Palazzo Chigi ha diffuso una nota nella quale ribadisce la posizione del Governo italiano sulla sicurezza nazionale, sul controllo delle frontiere e sulla sospensione dell'applicazione dell'accordo di Schengen per i cittadini di Paesi terzi provenienti dalla Spagna.  Ecco il testo integrale: "L’Italia non accetta ultimatum o imposizioni dall’estero per ciò che riguarda la sicurezza nazionale ed il controllo delle frontiere.Non intendiamo in nessun caso rivedere la decisione di sospendere l’applicazione dell’accordo di Schengen per i cittadini di paesi terzi provenienti dalla Spagna, almeno fino al 15 agosto e comunque sino a quando non saranno completamente esclusi rischi di sicurezza e di terrorismo per l’Italia.
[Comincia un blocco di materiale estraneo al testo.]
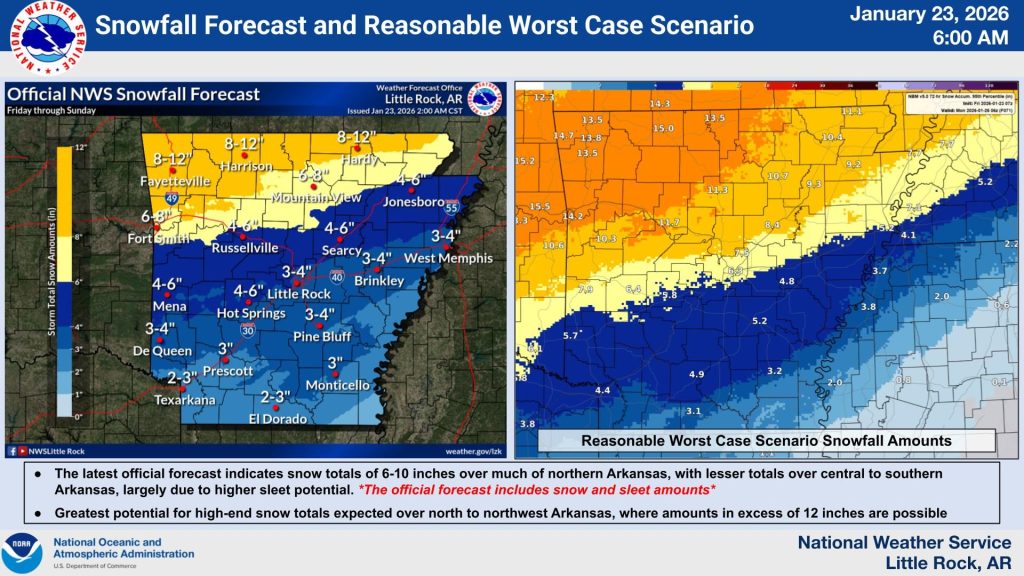 Forecasters expect 6 to 10 inches of snow across northern sections of Arkansas, with 2 to 4 inches of sleet and snow across central areas. Far southern and southeastern parts of the state could see sleet and ice accumulations of up to three-quarters of an inch.

In quella data, come annunciato dalle stesse autorità spagnole, è infatti attesa a Ceuta una nuova ondata migratoria.Solo quando si avrà la certezza che non vi saranno rischi di sicurezza e di terrorismo per l’Italia, che non vi sia una nuova ondata, che non ci siano migranti irregolari diretti verso il territorio europeo, si potrà rivedere quanto già deciso. Questo senza pregiudizio nei confronti di un Paese amico come la Spagna, analogamente a decisioni simili adottate in passato dal governo italiano, ad esempio nei confronti della Slovenia, e da governi europei nei confronti dell’Italia e della stessa Spagna.Nel momento in cui tutte queste condizioni dovessero venire meno, l’Italia è pronta a continuare un confronto costruttivo con il Governo di Madrid.Nel frattempo le autorità di frontiera italiane faranno di tutto per garantire la massima agibilità ai cittadini spagnoli ed europei che, é importante sottolinearlo, non sono interessati dal ripristino dei controlli ai confini aerei e marittimi".
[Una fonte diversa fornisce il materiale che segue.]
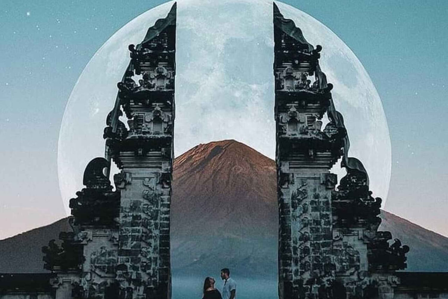 Explore the east side of Bali on a motorbike tour from Ubud. Visit Lempuyang Temple, Lahangan Sweet, Tirta Gangga, and Gembleng Waterfall with a licensed driver.
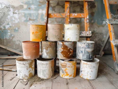 Paint cans, renovation, building work, DIY.
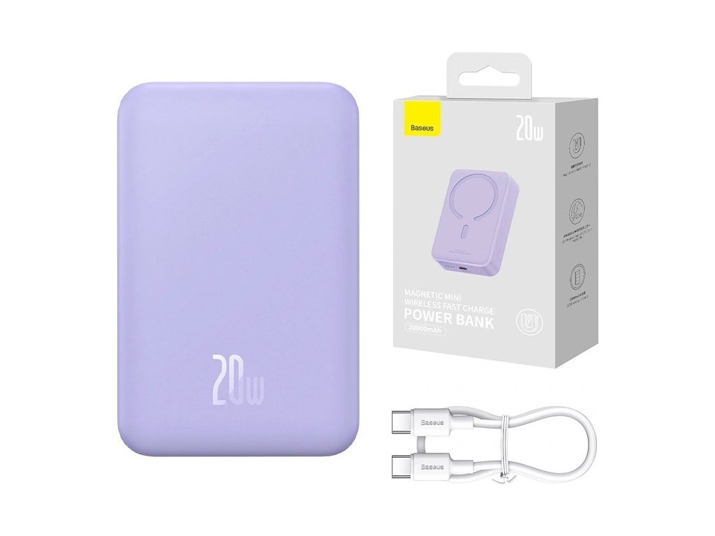 Powerbanka Baseus Magnetic Mini 20000mAh, USB-C 20W MagSafe (fialová)

La nota diffusa da Palazzo Chigi rappresenta dunque la risposta ufficiale del Governo italiano alla durissima presa di posizione di Madrid. Nelle ore precedenti, infatti, il Governo spagnolo aveva intimato all'Italia di revocare entro il 9 agosto i controlli alle frontiere, definendoli «discriminatori» e «contrari al diritto dell'Unione europea» e minacciando, in caso contrario, «misure proporzionate» a tutela degli interessi dei cittadini spagnoli. Con il comunicato, l'Esecutivo guidato da Giorgia Meloni respinge l'ultimatum, ribadisce che la sicurezza nazionale resta una prerogativa dello Stato italiano e conferma che la sospensione delle misure di Schengen per i cittadini di Paesi terzi provenienti dalla Spagna resterà in vigore almeno fino al 15 agosto, o comunque fino a quando saranno esclusi rischi legati alla sicurezza, al terrorismo e a una nuova ondata migratoria proveniente da Ceuta.